I too would like to know how to make your own dummies. They are so expensive to buy and that would be nice to have some to practice on!!!

keljo05 Posted 6 Sep 2008 , 10:53pm
post #11 of 15

i have no idea if the end result will be worth it, or if they will come out correctly. I just took my cake pans, lined them 3 layers deep in plastic wrap, with foil around the edge and sprayed the foam in. They have to finish curing before I see if this was worth the effort.
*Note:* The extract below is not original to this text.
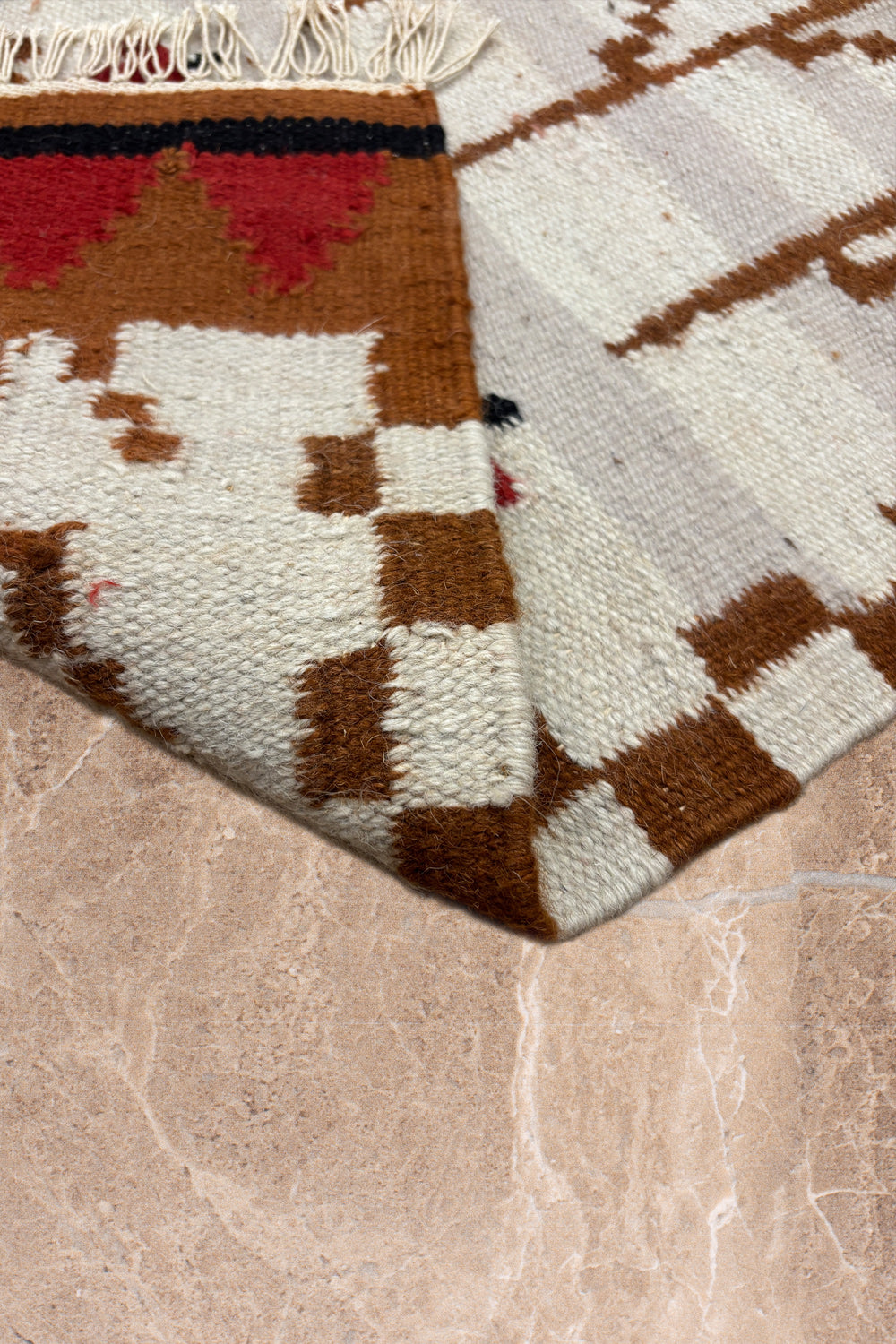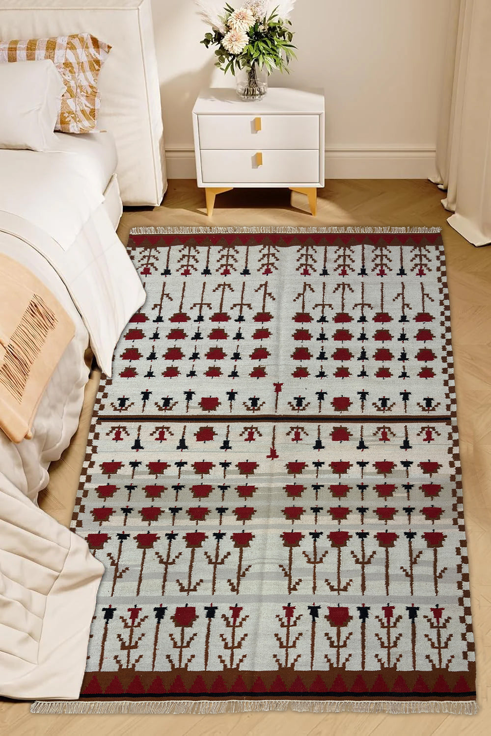 KR00304 Cream/Brick Red Hand Woven Wool Rug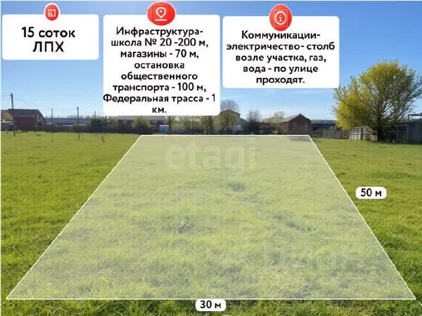 Участок площадью 15 соток правильной формы в поселке Красный Октябрь предлагает отличные возможности для строительства собственного дома. Ключевым преимуществом является фасадная часть протяженностью 30 метров, что позволяет при желании разделить землю на два самостоятельных участка. Объект продается напрямую от собственника, вся документация подготовлена для быстрой и безопасной сделки. Участок полностью соответствует требованиям программы "Семейная ипотека". Основные коммуникации, включая газ и водопровод, проходят по улице, а электрический столб расположен в непосредственной близости, что существенно упрощает и удешевляет процесс подключения и дальнейшего строительства. Локация отличается развитой повседневной инфраструктурой: в 70 метрах находятся асфальтированная дорога, магазин "Магнит", столовая, сельскохозяйственный рынок, СТО и автомойка. В шаговой доступности, в 200 метрах, расположена школа 20, а в 500 метрах — детский сад 18. Транспортная доступность : в километре от участка проходит федеральная трасса, обеспечивающая прямые выезды во все направления Краснодарского края и в Крым. Это позволяет за полчаса добраться до побережья Азовского моря, а до Черноморского побережья — примерно за час, что делает данный участок привлекательным как для постоянного проживания, так и для строительства загородного дома для отдыха. . Дополнительно оплачивается комиссия с покупателя. Код пользователя: 179400 Номер в базе: 11736101

DebBTX Posted 6 Sep 2008 , 11:22pm
post #12 of 15
Quote:
Originally Posted by keljo05

i have no idea if the end result will be worth it, or if they will come out correctly. I just took my cake pans, lined them 3 layers deep in plastic wrap, with foil around the edge and sprayed the foam in. They have to finish curing before I see if this was worth the effort.




Would it be possible for you to take a picture of your experiment and post it? I love learning new things.
It sounds like this could help a lot of our members if it works.
Plus, it would be fun to see what your husband saw.

-Debbie B.

keljo05 Posted 6 Sep 2008 , 11:33pm
post #13 of 15

i took pics of them a little while ago, i'll take more when they are cured and after they are carved. Which should be amusing in and of itself as I'm not sure how easy it will be to carve, lol.

DebBTX Posted 6 Sep 2008 , 11:40pm
post #14 of 15

Was the spray that you used flammable, or have any special warnings that we should be careful of?

Thank you,

-Debbie B.

keljo05 Posted 6 Sep 2008 , 11:48pm
post #15 of 15

yes.. definitely flammable when being sprayed. that was the one thing that stood out the most when I was reading the directions.. and why I clarified they were sitting on an oven that is turned off, lol.

the foam I'm trying is from Lowe's home store, I'm sure Home Depot carries it. I also used the one can to seal off a gap around our front door since our landlord is in no hurry to fix it (long story).I threw the cans out or I'd look for any other special instructions. Oh and I made sure both hands were covered by gloves. If you get this foam on your skin and it dries on your skin it has to wear off. It doesn't come off easily. However it it dry to the touch in under 10 minutes so its easy to handle. I used 2 types because I knew I'd be doing the side of our door. For that I specifically picked up a spray foam designed for doors and windows. it doesn't inflate as much. When i put that in my 8" pan I used a large plastic home repair type spatula and smoothed it into the pan. That one has stayed fairly level. I think it only puffs 10% more. I never thought to do that with the 6" and 10" pan and they are puffy on top because of the way the foam dried. I didn't really care as I knew I'd be trimming it. They kind of look like a yeast bread gone mad, lol.